Scientists have developed artificial peptide molecules that can neutralise a broad range of influenza virus strains.

The peptides, which are short chains of amino acids, are like proteins but with smaller, simpler structures. The designed molecules have the potential to be developed into medicines that target influenza.

The researchers from the Scripps Research Institute and Janssen Research and Development say the development of broad-spectrum inhibitors, including some avian influenza strains, is extremely promising in the ongoing battle to prevent a global epidemic.

The developed peptides block the infectivity of most circulating strains of group 1 influenza A viruses, including the bird flu strain H5N1, which has caused thousands of infections and some human deaths in Asia.

The researchers designed the peptides to mimic two recently discovered “super-antibodies” that can neutralise influenza A strains.
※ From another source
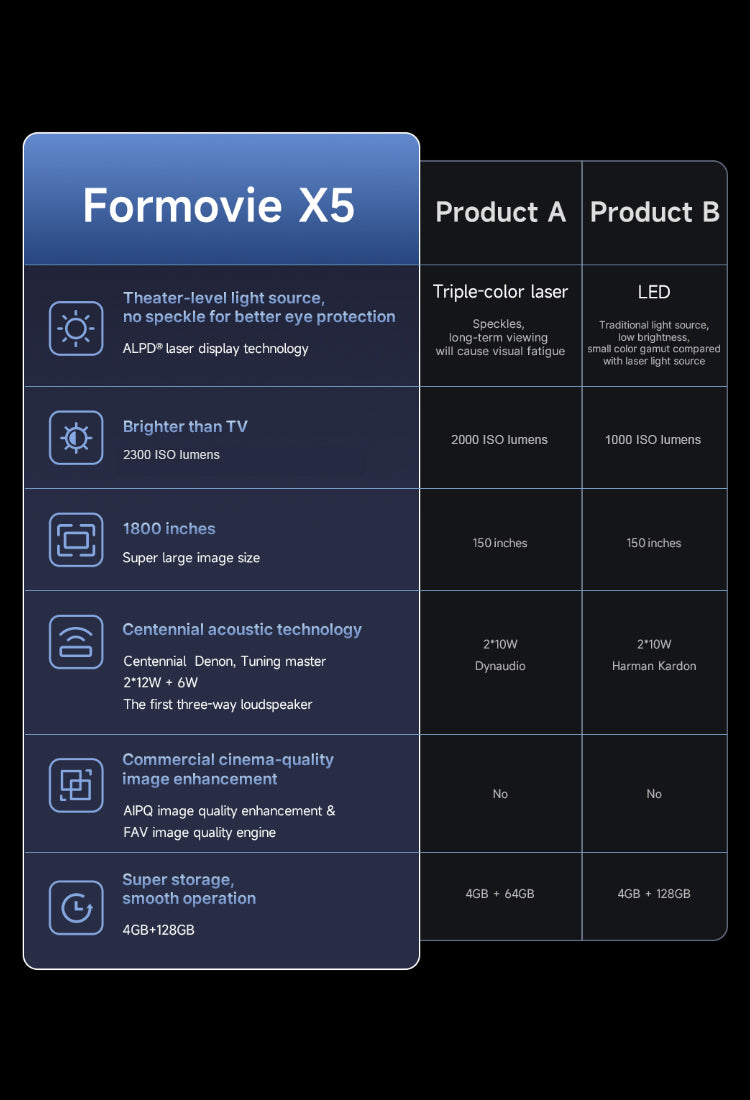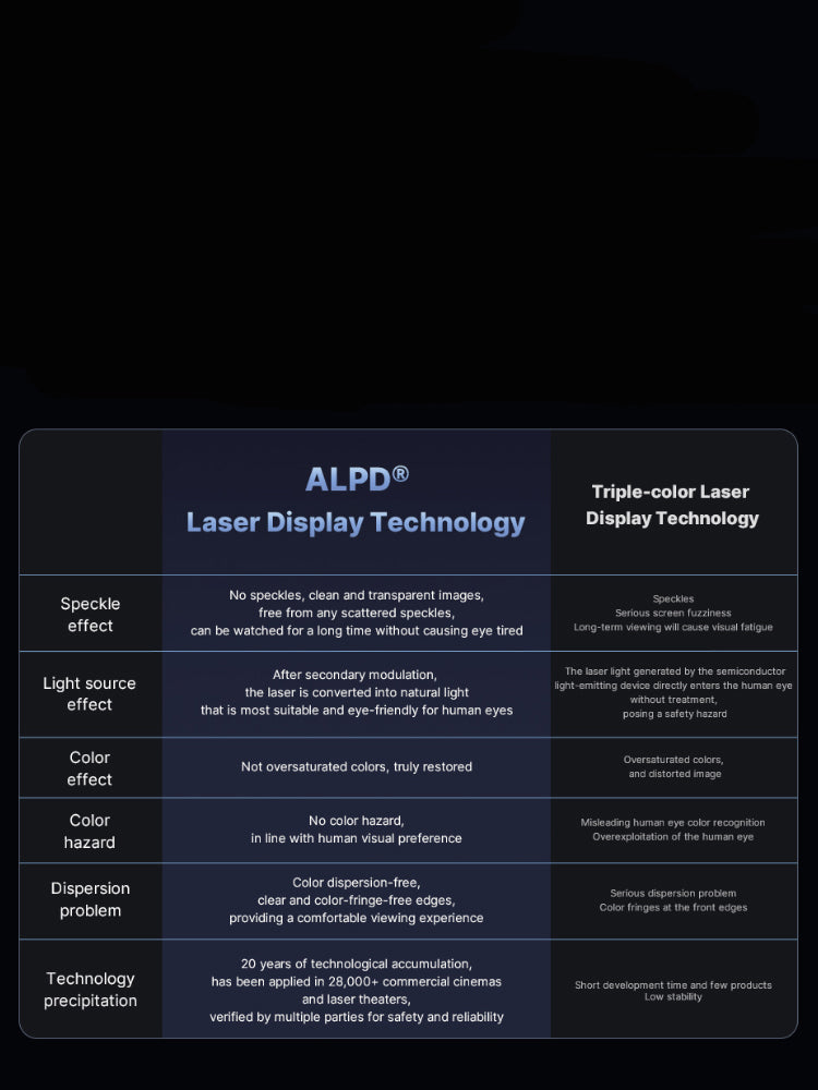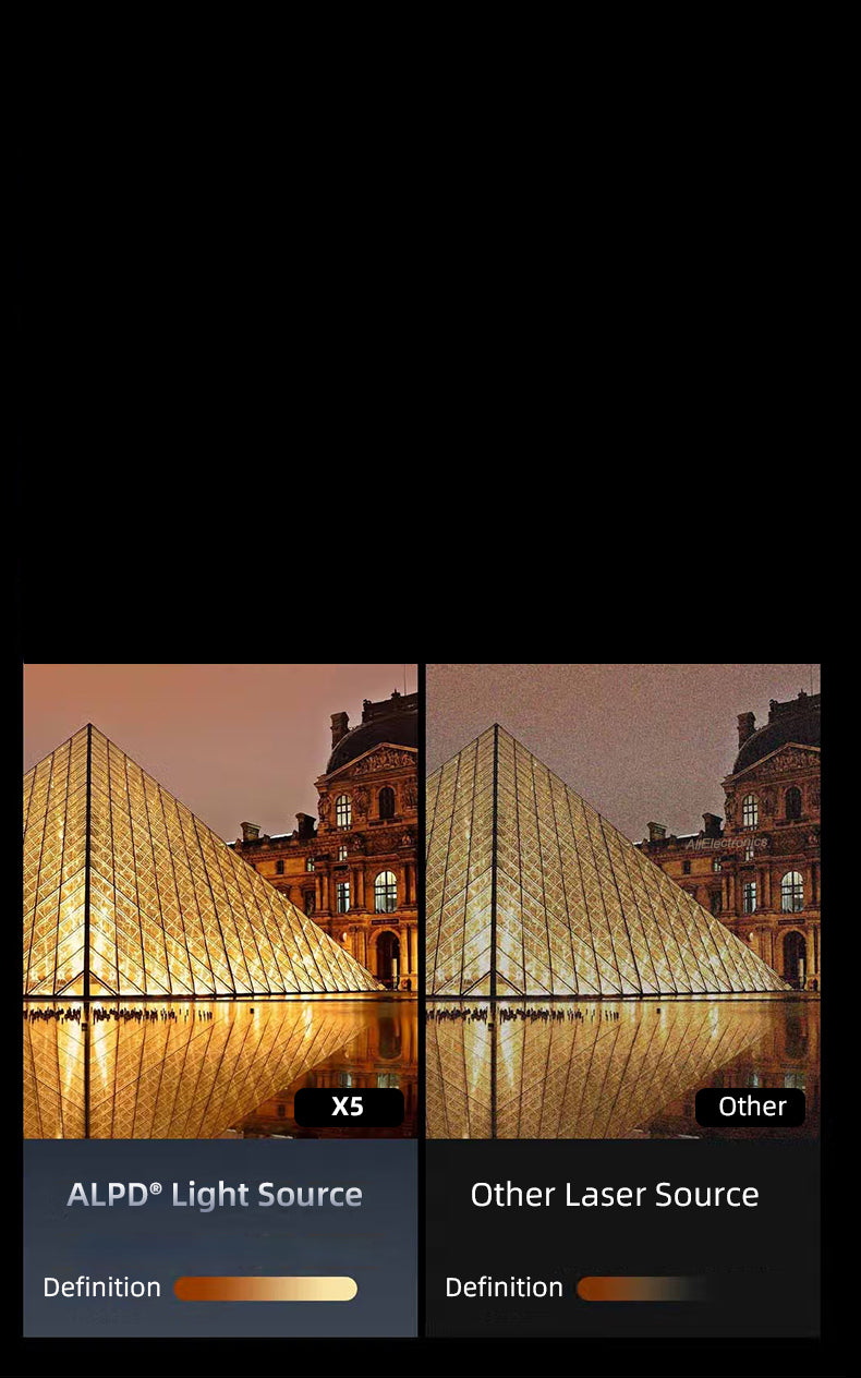 Compared to LED light source projectors, the Formovie X5 PRO Laser Projector offers sharper and clearer images. Thanks to ALPD technology, it achieves speckle-free projection, making it a more eye-friendly option compared to triple-color laser projectors
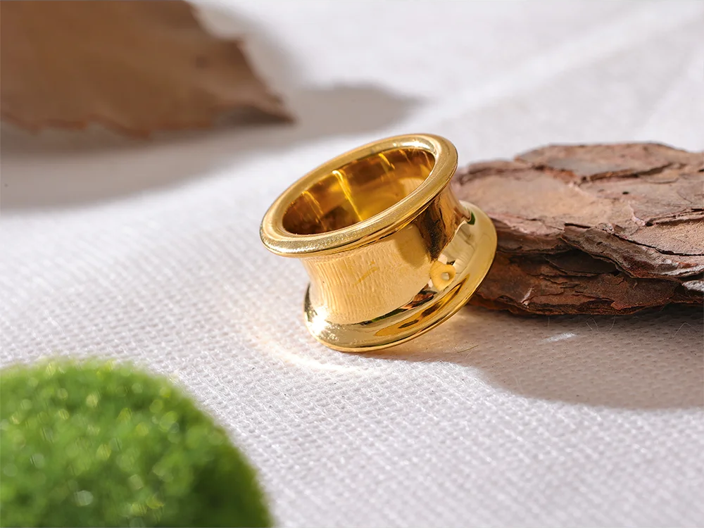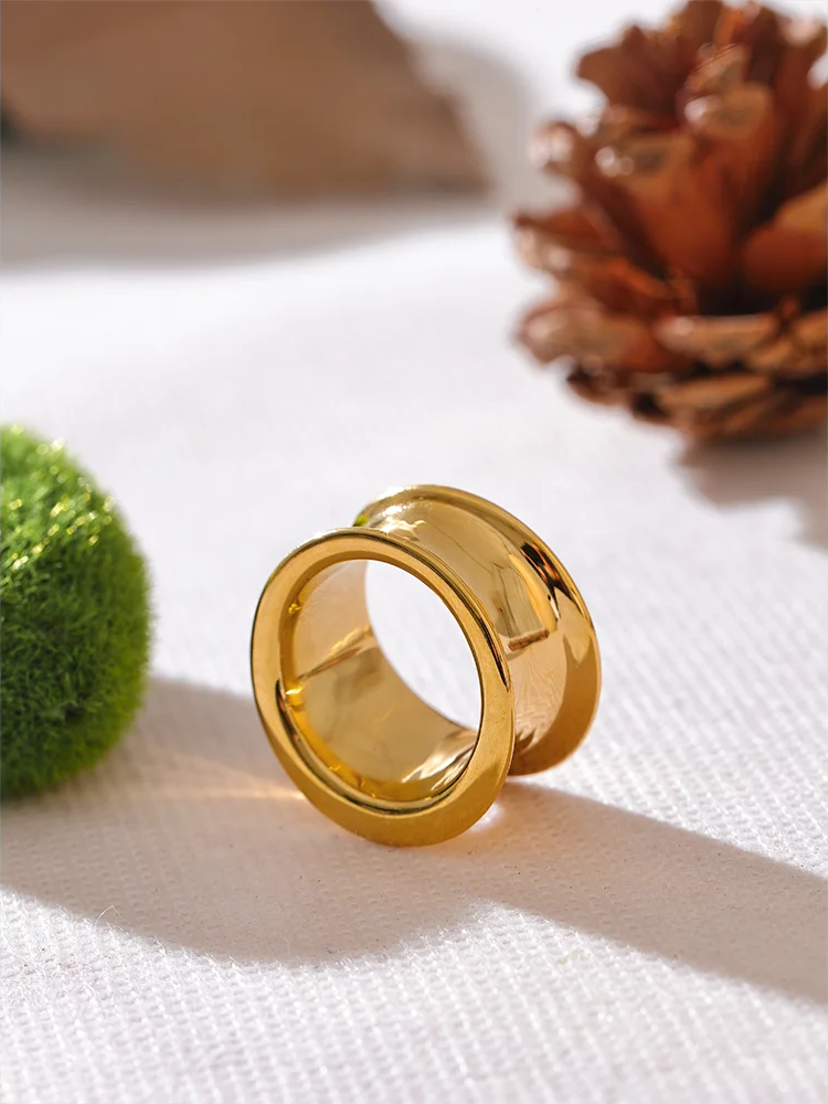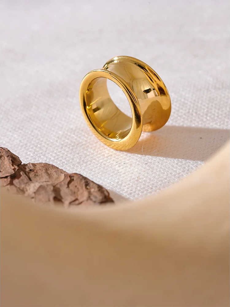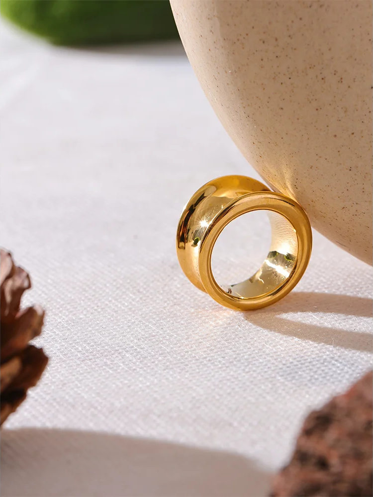 Elevate your everyday with a modern statement ring that balances bold design and effortless wear. This wide band features a smooth, curved profile and a high-polish finish for a refined, geometric silhouette. Crafted with a durable stainless-steel core and plated in 18k gold, it delivers contemporary style with lasting quality—lightweight enough for all-day comfort and striking enough to stand alone.

While antibodies are expensive to produce and must be delivered by injection or infusion, the peptides developed have the potential to be delivered via pill-based drugs in the future.

The peptides showed high-binding affinity for a broad set of group one influenza A viruses, as well as a potent ability to neutralise infections with these viruses in laboratory experiments.

Ian Wilson, co-senior investigator at the Scripps Research Institute, said: “Making small molecules that do essentially what these larger, broadly neutralising antibodies do is a really exciting and promising strategy against influenza, as our new results show.”

The study was published as an online First Release paper in Science this week.